:: Task statement ::
Apart from the pictures, print the data below exactly as given.

Stored entries
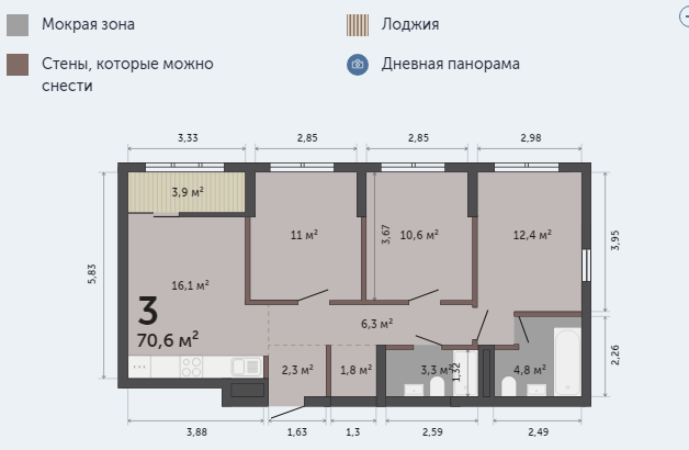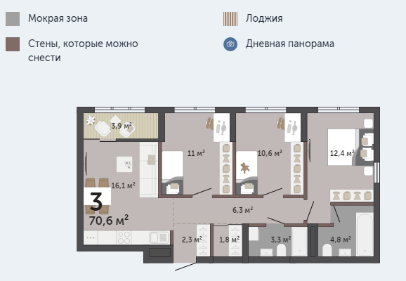 Общая площадь 70.6 м2
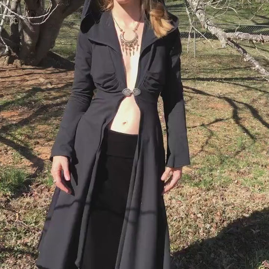 Dominique Stretch Cotton Organic Hooded Fitted Maxi Jacket, Priestess, Black Fairy Coat, Elven, Medieval Costume, Gothic Hoodie, Medium ONLY
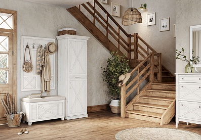 - Мебель Кантри украсит легкий классический интерьер прихожей;
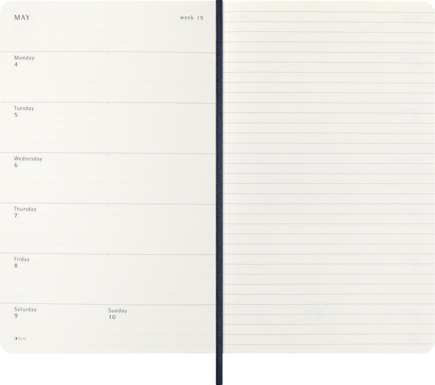 Formatted to show the week's appointments on the left and a ruled page for notes and ideas on the right, it is a handy and versatile planner that incorporates the freedom of a notebook.
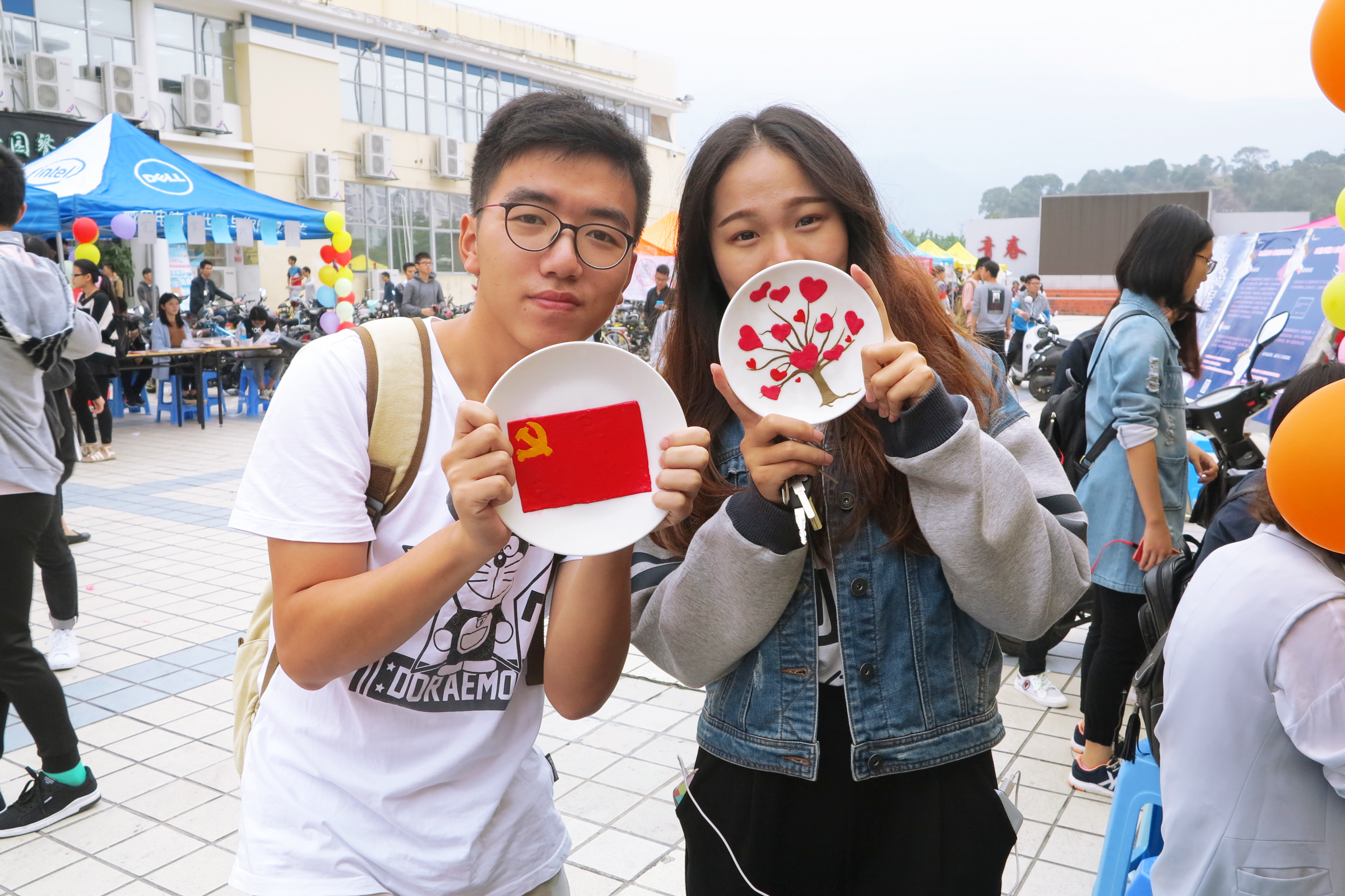 值得一提的是,在所有的作品中,最显眼的要数以白盘为基底,以中国红为主体所制作的党旗。鲜艳党旗照我心,同学们用自己的行动表达了对党的崇高敬意。

:: Your response ::
 Общая площадь 70.6 м2
 Dominique Stretch Cotton Organic Hooded Fitted Maxi Jacket, Priestess, Black Fairy Coat, Elven, Medieval Costume, Gothic Hoodie, Medium ONLY
 - Мебель Кантри украсит легкий классический интерьер прихожей;
 Formatted to show the week's appointments on the left and a ruled page for notes and ideas on the right, it is a handy and versatile planner that incorporates the freedom of a notebook.
 值得一提的是,在所有的作品中,最显眼的要数以白盘为基底,以中国红为主体所制作的党旗。鲜艳党旗照我心,同学们用自己的行动表达了对党的崇高敬意。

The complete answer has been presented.